Brady Werkheiser headshot

Reviewed by Brady Werkheiser

Published on September 7, 20227 min read

Transactions are the foundational exchange of information and value on a blockchain, and are critical for developers, traders, and hobbyists to understand. Transactions are propagated across Ethereum's decentralized Peer-to-Peer (P2P) network using a variety of networking protocols such as RLPx and the Wire Protocol, to ensure block producers and validators can find pending transactions in the mempool.

This article will cover Ethereum transaction types, and how transactions are broadcast across Ethereum's network of nodes.

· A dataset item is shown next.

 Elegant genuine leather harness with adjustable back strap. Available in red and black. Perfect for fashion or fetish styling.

An Ethereum transaction is a contractual process whereby an address sends tokens or assets to another address on the Ethereum network. One simple example of an Ethereum transaction is a person, Alice, who sends 1 ETH, the native token on Ethereum, to their friend Bob.

Because transactions are foundational to building blockchain applications, let's explore the information included in an Ethereum transaction.

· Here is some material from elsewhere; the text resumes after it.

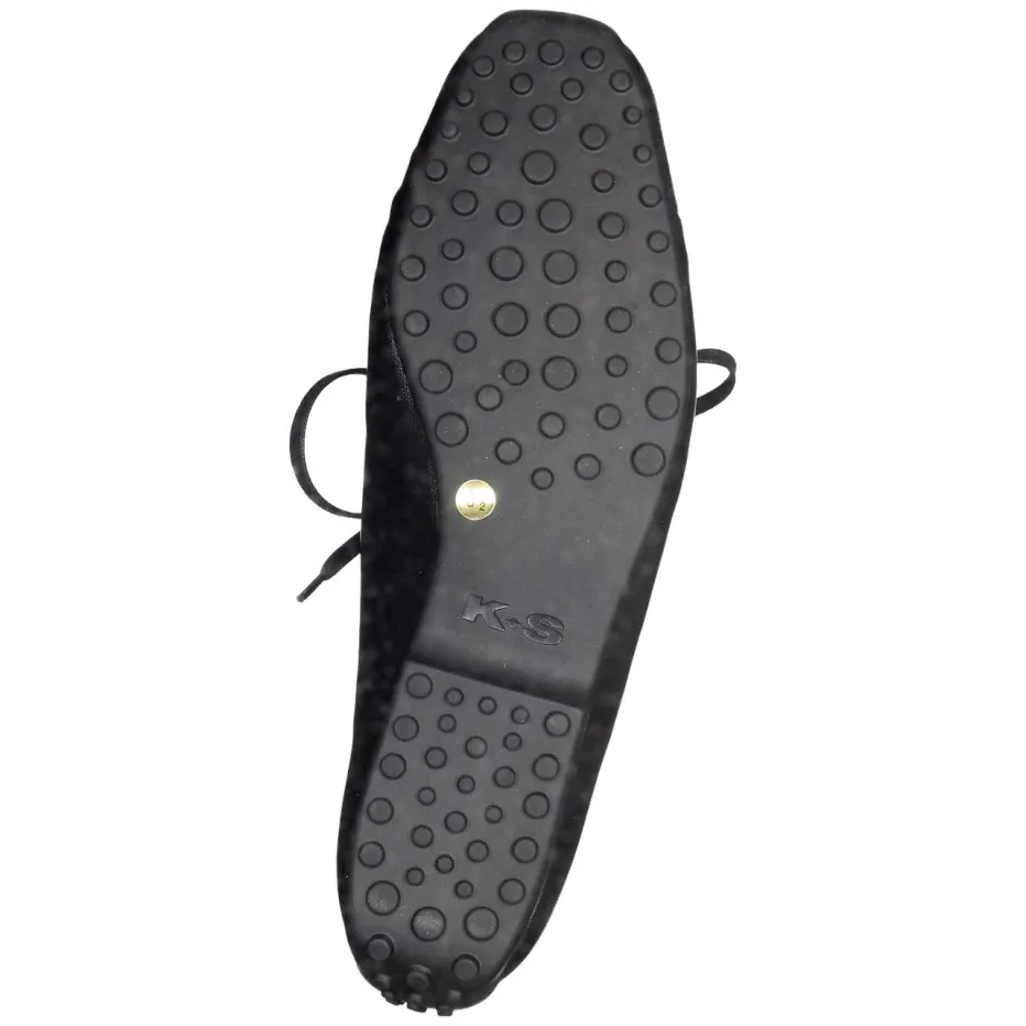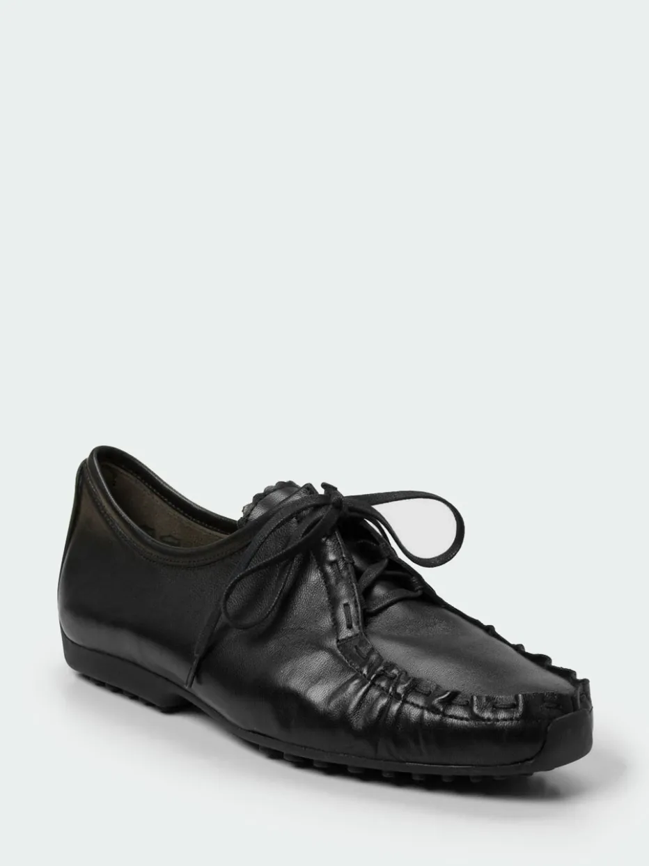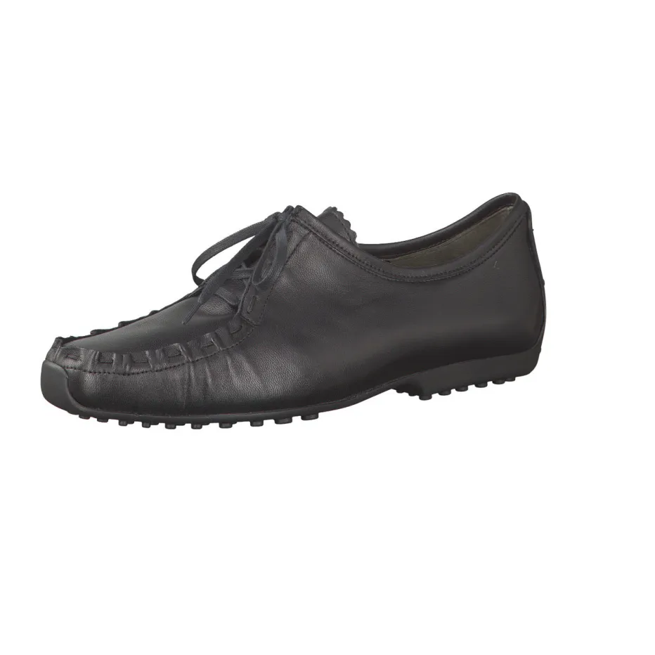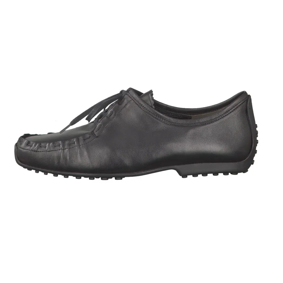 Einen hoch angeschlossenen, aber durchaus femininen Schnürschuh zeigt die Marke Kennel & Schmenger. Er besticht durch das besonders weiche, schwarze Kalbleder. Ein besonderes Detail ist die unkonventionelle Mokassinnaht, sie wirkt neu und vermittelt lässige Sportlichkeit. Die schwarze, genoppte Gummisohle ist im Stil der Autofahrersohlen an der Ferse hochgezogen. Absolute Bequemlichkeit ist eine Selbstverständlichkeit bei diesem Schnürschuh.

At the programming language level, the sender Alice bears the msg.sender global variable, while the receiver, Bob, bears the address(this) variable, and the amount of tokens that are being sent between the two parties, 1 ETH, is the msg.value.

Apart from the above data, a typical Ethereum transaction would always contain the following details:

  • Signature - a stamp of approval of the sender to initialize the transaction

  • gasLimit - the highest amount of gas that can be used for the transaction

  • Nonce - a unique identifier of the specific transaction

  • Data - an optional section for the transaction's description or message

There are multiple types of Ethereum transactions, including transactions to deploy smart contracts, transactions between entities (i.e. humans), transactions between smart contracts (internal transactions), or a mix of human-smart-contract transactions such as using a DeFi protocol.

For this section, we'll focus on different types of Entity-to-Entity transaction states as they relate to transaction propagation across the Ethereum network.

Pooled transactions are pending transactions in the mempool that have not been mined (i.e. pending transactions within the local storage of a single node).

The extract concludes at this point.